• _The problem_:
In the data below, find the line containing "Có một tấm bìa" and the line containing "A yellow box", then reproduce them and every line between, exactly. Omit pictures.

• _Data provided_:
= = = = = = =

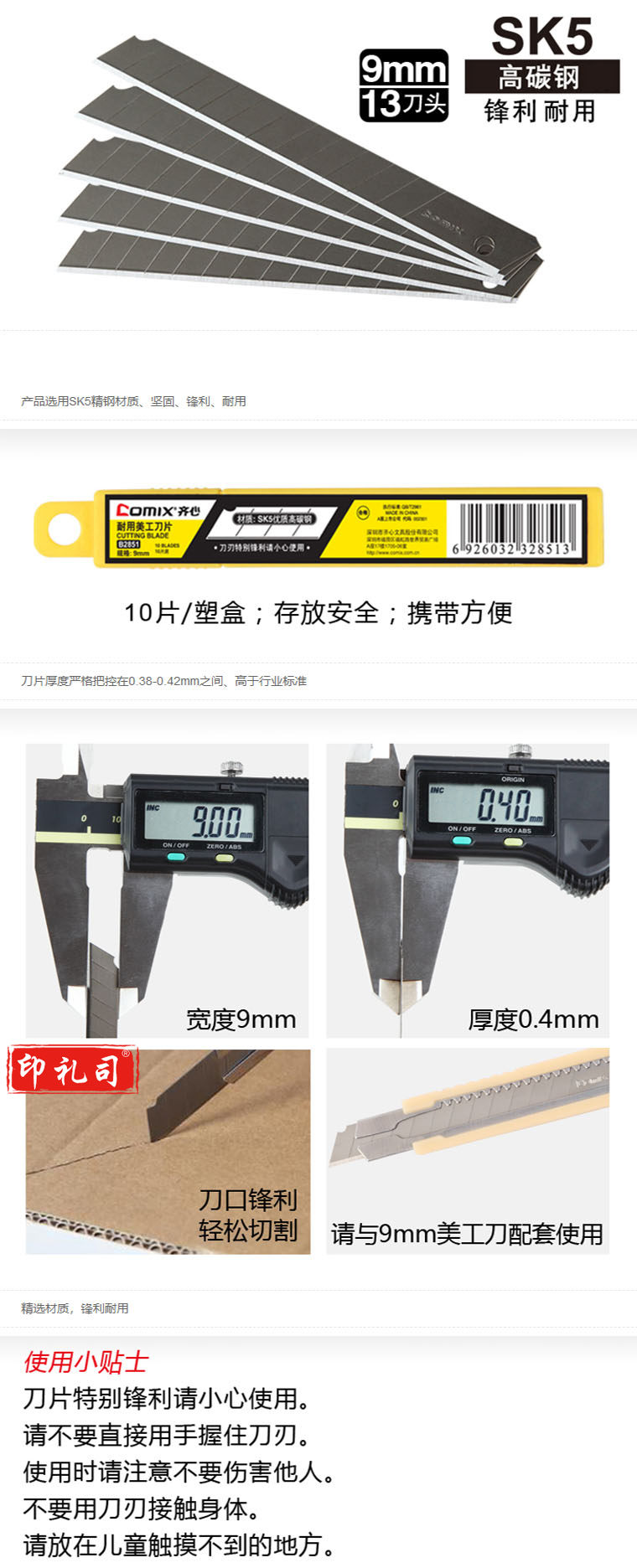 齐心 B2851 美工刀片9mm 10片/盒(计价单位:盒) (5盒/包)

= = = = = = =

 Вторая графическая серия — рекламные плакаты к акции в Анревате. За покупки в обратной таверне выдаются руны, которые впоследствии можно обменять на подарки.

= = = = = = =

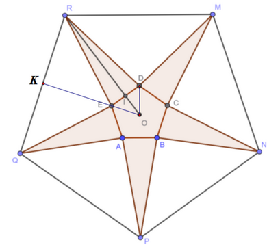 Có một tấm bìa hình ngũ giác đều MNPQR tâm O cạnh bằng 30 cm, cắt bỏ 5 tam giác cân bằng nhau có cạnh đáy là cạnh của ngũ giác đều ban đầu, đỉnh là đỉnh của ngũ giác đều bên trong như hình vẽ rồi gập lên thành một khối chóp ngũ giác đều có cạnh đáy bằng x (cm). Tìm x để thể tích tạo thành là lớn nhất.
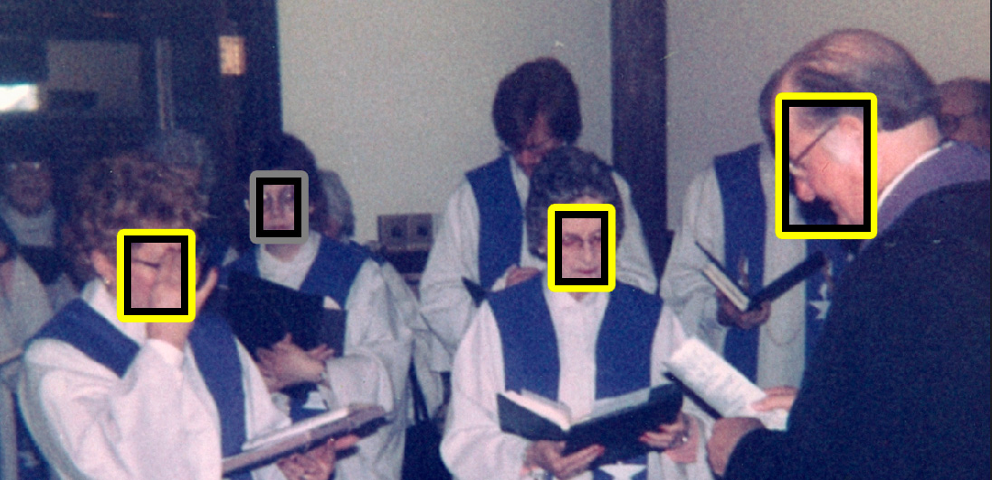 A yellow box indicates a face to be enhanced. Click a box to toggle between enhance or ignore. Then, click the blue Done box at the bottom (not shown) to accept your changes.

= = = = = = =

• _Task response_:
 Có một tấm bìa hình ngũ giác đều MNPQR tâm O cạnh bằng 30 cm, cắt bỏ 5 tam giác cân bằng nhau có cạnh đáy là cạnh của ngũ giác đều ban đầu, đỉnh là đỉnh của ngũ giác đều bên trong như hình vẽ rồi gập lên thành một khối chóp ngũ giác đều có cạnh đáy bằng x (cm). Tìm x để thể tích tạo thành là lớn nhất.
 A yellow box indicates a face to be enhanced. Click a box to toggle between enhance or ignore. Then, click the blue Done box at the bottom (not shown) to accept your changes.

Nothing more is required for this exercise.